AI and HPC for Honey Authenticity: PollenTrace at IEEE IT2026

At the IEEE IT2026 conference in Žabljak, researchers from the University of Donja Gorica presented PollenTrace, an innovative project combining Artificial Intelligence and High Performance Computing (HPC) to enhance honey authenticity verification. Traditional pollen analysis (melissopalynology), while reliable, is time-consuming and dependent on expert knowledge. PollenTrace addresses this limitation by developing a large-scale microscopy dataset and an AI-driven detection pipeline capable of automatically identifying pollen grains in honey samples.

The project is building a dataset of over 33,000 high-resolution microscopy images derived from more than 1,100 biological samples collected across Montenegro, enabling the development of robust and scalable AI models. As a proof of concept, a deep learning model based on YOLOv11 was trained on annotated microscopy images, achieving 84% precision and 88% recall, demonstrating strong potential for automated pollen detection and future large-scale deployment.

HPC resources played a key role in enabling efficient model training and handling of high-resolution image datasets, highlighting the importance of national HPC infrastructure—such as that provided through NCC Montenegro -in supporting advanced AI applications in agri-food systems. This is also cross-project collaboration.

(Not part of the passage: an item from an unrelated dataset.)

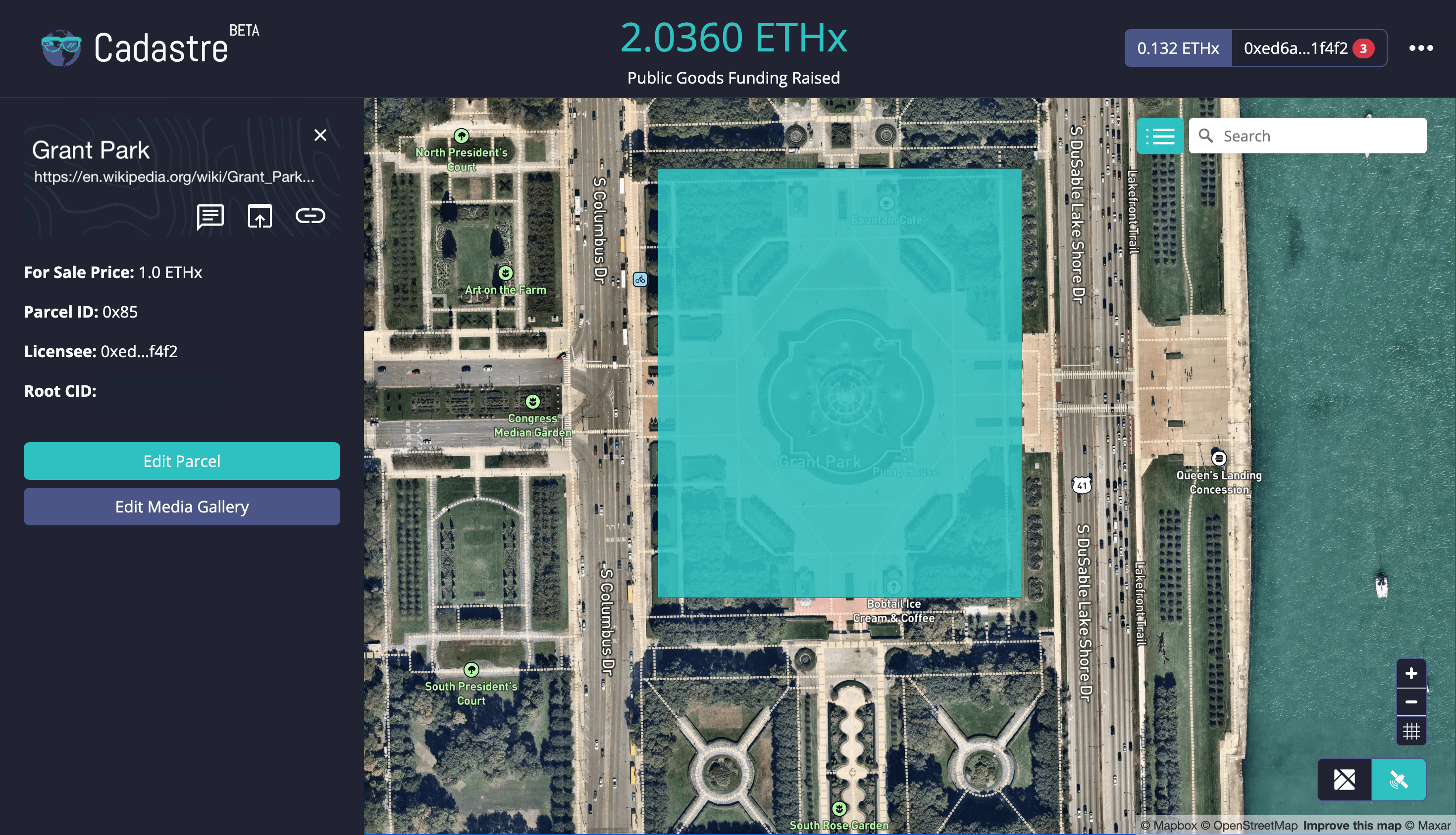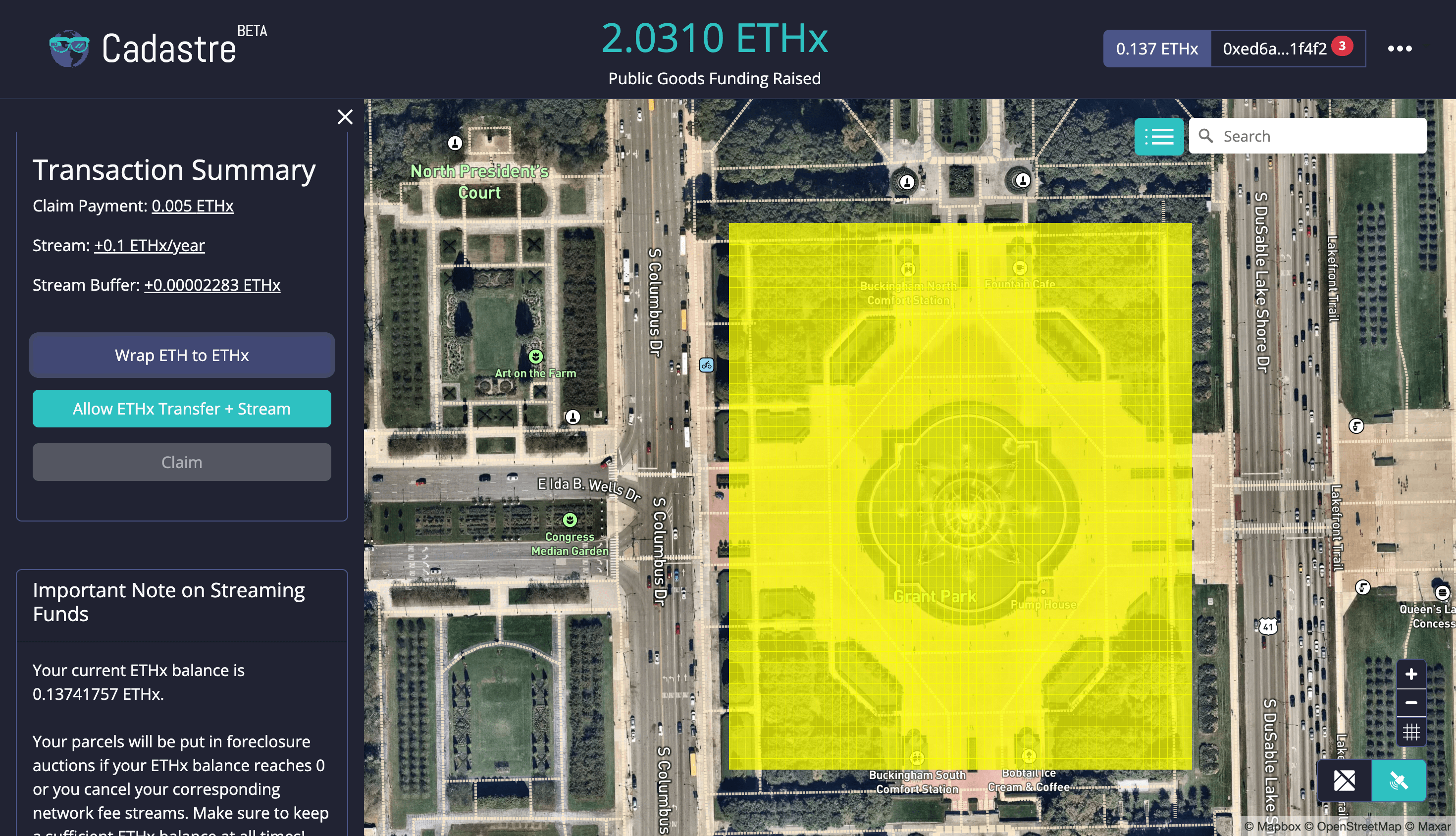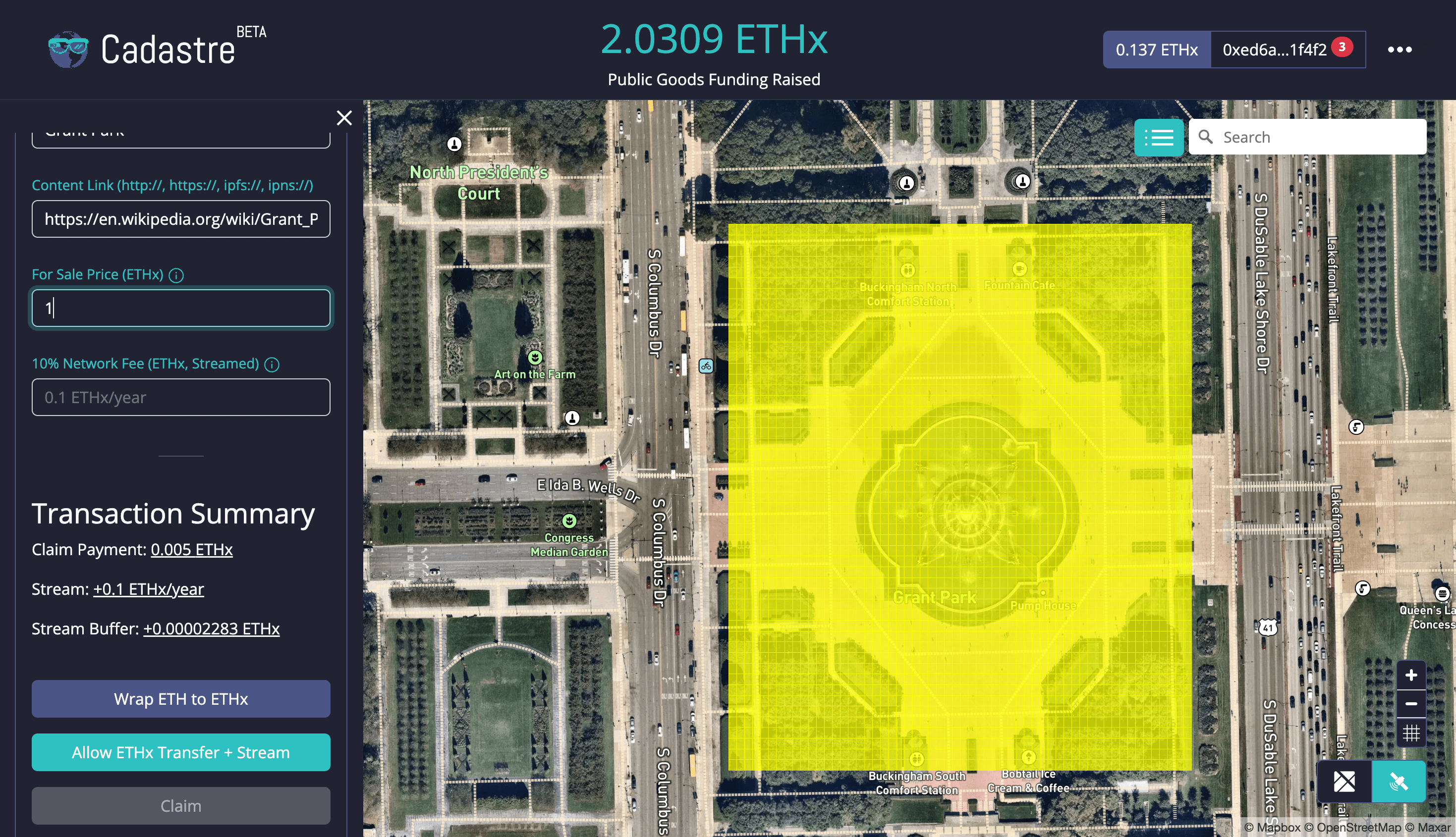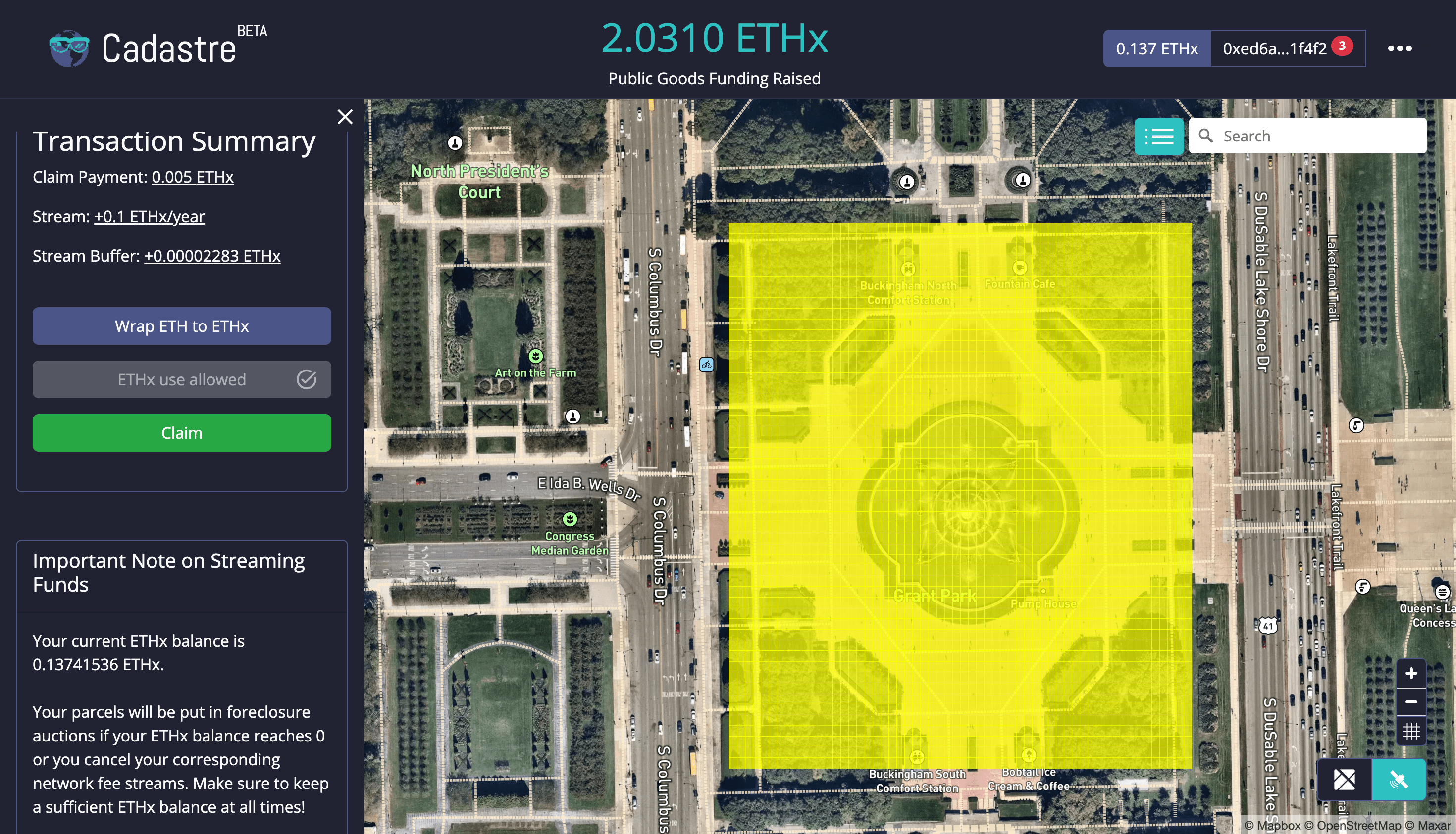 Reminder: All parcel claims require an upfront payment of 0.001 ETHx. Your ongoing fee stream is variable based on your For Sale Price. All funds go to supporting public goods!

PollenTrace represents a step forward toward digital, scalable, and reproducible food authenticity verification, with strong potential to support laboratories, regulatory bodies, and industry in ensuring product quality and consumer trust. PollenTrace is supported as a PoC project by the Innovation Fund of Montenegro.

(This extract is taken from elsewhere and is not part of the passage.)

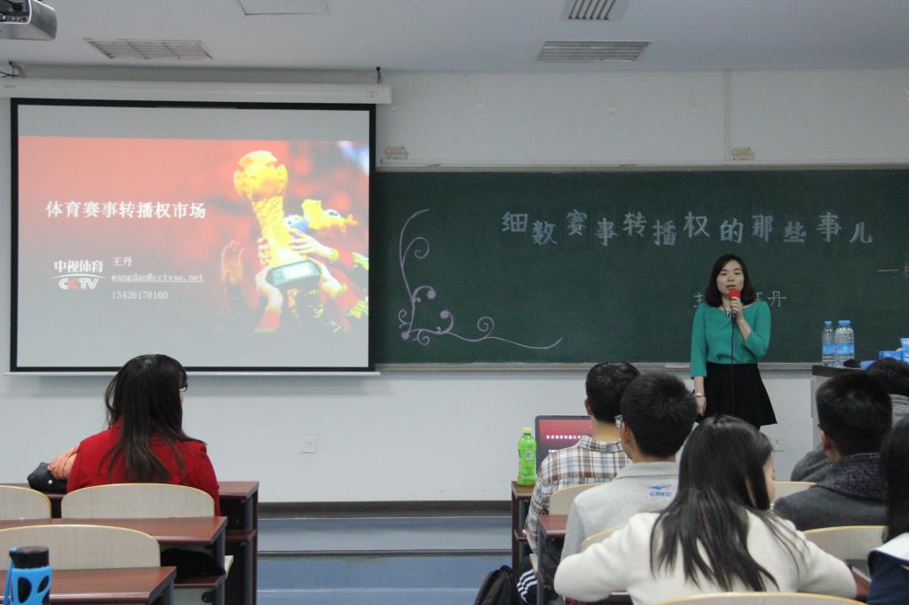 讲座开始后,王丹首先向同学们介绍了各大组织与转播权相关的收入情况,特别指出国际奥委会(IOC)、FIFA、欧洲冠军联赛的转播权收入逐年增高,且增长迅速。随后,王丹又讲述了有关转播权市场,以主体、销售方式两方面为主分析了转播权市场。其间王丹举了FIFA及英超的例子帮助同学们理解,引起了同学们的兴趣,还指出迅速崛起的付费电视台正在挤压诸如BBC等公共电视的生存空间。随后,王丹又向同学们介绍了他们比较关注的欧洲五大联赛转播权市场的收入情况及欧美市场的版权情况,并以PPTV等媒体为例向同学们讲述了国内市场的现状及发展情况,王丹指出新媒体崛起是一个趋势,新媒体也将逐渐占据国内市场的主体地位。

PhD Defence at UDG: Advancing AI and HPC in Precision Agriculture

The University of Donja Gorica, through the Faculty for Information Systems and Technologies, proudly announces the successful PhD defence of Mr. Stevan Čakić, focused on the application of Artificial Intelligence and High-Performance Computing in precision agriculture.

The research addresses key challenges in modern agriculture, particularly in poultry farming, by leveraging deep learning and computer vision models for real-time monitoring, early disease detection, and improved farm management. The models were developed and trained using HPC resources, enabling efficient experimentation and achieving high prediction accuracy exceeding 92% . A significant contribution of this work lies in the integration of HPC-based model development with deployment on edge devices in real farm environments, demonstrating a complete AI-to-industry pipeline. The research also explores the use of generative AI and synthetic data to reduce dependency on large annotated datasets, accelerating innovation cycles.

mr Stevan Cakic presenting his PhD Thesis on AI/HPC in precision agriculture

Importantly, part of this research was conducted in synergy with the FFplus experiment and in direct collaboration with industry partners, highlighting the role of HPC in enabling real-world, industry-driven AI applications. This achievement further demonstrates the impact of the NCC Montenegro and EuroCC2 & EuroCC4SEE initiatives in supporting advanced research, fostering academia-industry collaboration, and promoting the adoption of HPC technologies in strategic sectors such as agriculture.